Somehow the EFI partition doesn’t mount and it’s impossible to troubleshoot via phone, she asked me to put back the old system 😞
Sounds like a hardware issue, so …
Seems like only the EFI partition is missing. She told me “ls /home/her name” shows stuff but “ls /boot/efi” is empty
Apparently this happened by itself
I should have chosen something like silverblue but I wasn’t familiar with that
Bluefin or Bazzite are very streamlined and easy to set up, with all the batteries included. The little you need to learn is more than offset by the convenience.
How does it even get into emergency mode without the efi partition?
The EFI partition isn’t missing or, you’re right, it wouldn’t boot at all.
If the /boot/efi isn’t set to nofail in fstab then it failing to mount would dump them into emergency mode. This could be cause by something simple like a syntax error in fstab.
It’s also possible that there’s a broken bootloader entry.
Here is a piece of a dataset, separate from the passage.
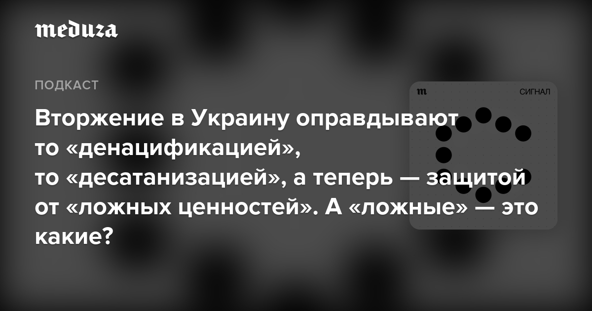 Но в последние месяцы российские власти все реже говорят про «денацификацию» и все чаще — про «защиту традиционных ценностей». Есть даже обобщенное название «угроз», которым якобы подвергается российское общество по мнению чиновников. Это название регулярно использует в том числе лично Владимир Путин — «псевдоценности».
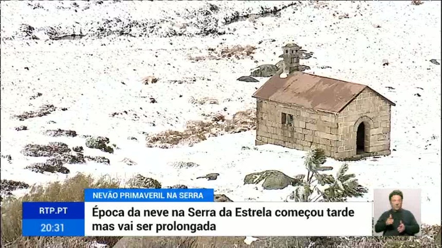 A neve voltou a cair em força na Serra da Estrela, mesmo em plena Primavera. Os acessos à Torre estão cortados.

For example, If the installed with LUKS encryption on the home directory and one of the boot entry doesn’t have the luks module. The system would boot but everything after that would fail because it can’t decrypt and mount /home.
The screenshot isn’t useful, those BPF errors are likely a symptom of the original problem but they pushed the real error off screen. We’d need to see the output of journactl -xb in order to figure it out.
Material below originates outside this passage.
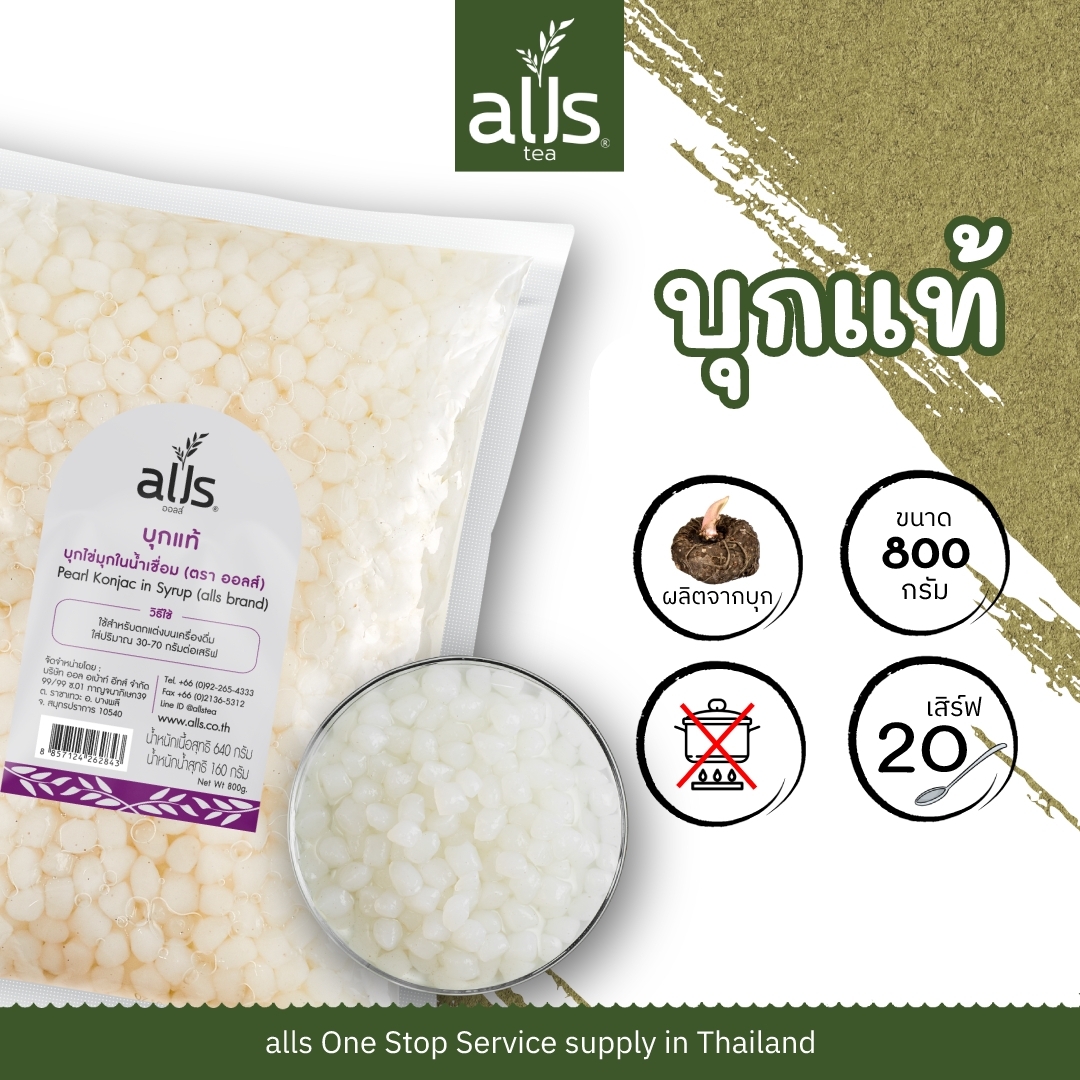 บุกแท้100%(ตราออลส์) ขนาด 800กรัม ใช้สำหรับตกแต่งบนเครื่องดื่ม ใส่ปริมาณ30-70กรัมต่อเสริฟ

e: I forgot my unhelpful advice: Tell her to try Arch.
Its not so easy for a user to screw-up that partition. Same things that would do it in Linux would do it in Windows.
This is every kernel update for me on Fedora. For some reason root is not set.
Yours will copy a record in your grub config, for every kernel install, because that’s the easiest way to get your ancillary settings. If it’s happening truly every time, then I’ll bet that’s borked somehow.
I ran into this because grub config now needs an additional magical parameter no one mentions, because it manages new bits to create the parts it needs with your old setup to solve no real problem. It could also be keeping a bad root statement and perennially dropping it into every new boot config. Yay! I don’t remember what it was and I’m not at work, but I’ll try to check later and see if I can offer some help.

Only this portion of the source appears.